Payment of judgments extinguishes them and there is no resurrection for extinguished obligations.

Johnson vs. Boice & Frellsen, 40 La. Ann. 273, 4 South. 163.

Bank vs. Cage, 40 La. Ann. 138, 3 South. 721.

“The payment and satisfaction of a judgment operates to extinguish it and to put an end to its vitality for all purposes whatsoever and also to extinguish the original debt or claim, except where the satisfaction was obtained wrongfully or fraudulently.”

23 Cyc. 1495.

When the plaintiff went into court on April 27, 1925, and sought to have the old judgment reviewed, that judgment had been dead four months. There was, therefore, nothing for the court to review.

It is clear to us that the provision in the Workmen’s Compensation Law to the effect that the judgment may be reviewed at any time after one year means that it may be reviewed during the life of the judgment and not after it has been extinguished by payment.

According to the language of the Act, Section 18:

“The judgment rendered by the court shall have the same force and effect and may be satisfied as other judgments of the same • court.”

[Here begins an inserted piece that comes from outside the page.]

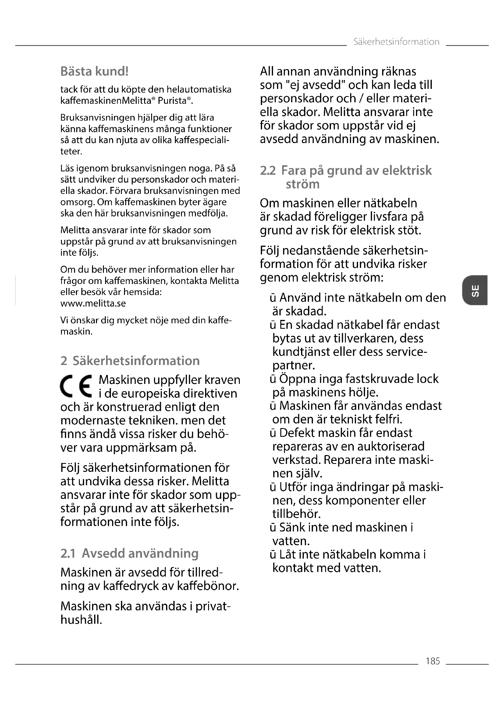 Bästa kund! tack för att du köpte den helautomatiska kaemaskinen Melitta® Purista®. Bruksanvisningen hjälper dig att lära känna kaemaskinens många funktioner så att du kan njuta av olika kaespeciali- teter. Läs igenom bruksanvisningen noga. På så sätt undviker du personskador och materi- ella skador. Förvara bruksanvisningen med omsorg. Om kaemaskinen byter ägare ska den här bruksanvisningen medfölja. Melitta ansvarar inte för skador som uppstår på grund av att bruksanvisningen inte följs. Om du behöver mer information eller har frågor om kaemaskinen, kontakta Melitta eller besök vår hemsida: www.melitta.se Vi önskar dig mycket nöje med din kae- maskin. 2 Säkerhetsinformation Maskinen uppfyller kraven i de europeiska direktiven och är konstruerad enligt den modernaste tekniken. men det nns ändå vissa risker du behö- ver vara uppmärksam på. Följ säkerhetsinformationen för att undvika dessa risker. Melitta ansvarar inte för skador som upp- står på grund av att säkerhetsin- formationen inte följs.

In a Minnesota case, Integrity Mutual Casualty Co. vs. Nelson, reported in 183 Northwestern 837, it was held that a lump sum settlement under the Minnesota Workmen’s Compensation Act, entered into by the parties and approved by the court, and paid by the employer, in the absence of fraud or deception is final and not open to readjustment.

For the reasons assigned, it is therefore ordered, adjudged and decreed that the judgment appealed from be affirmed with costs.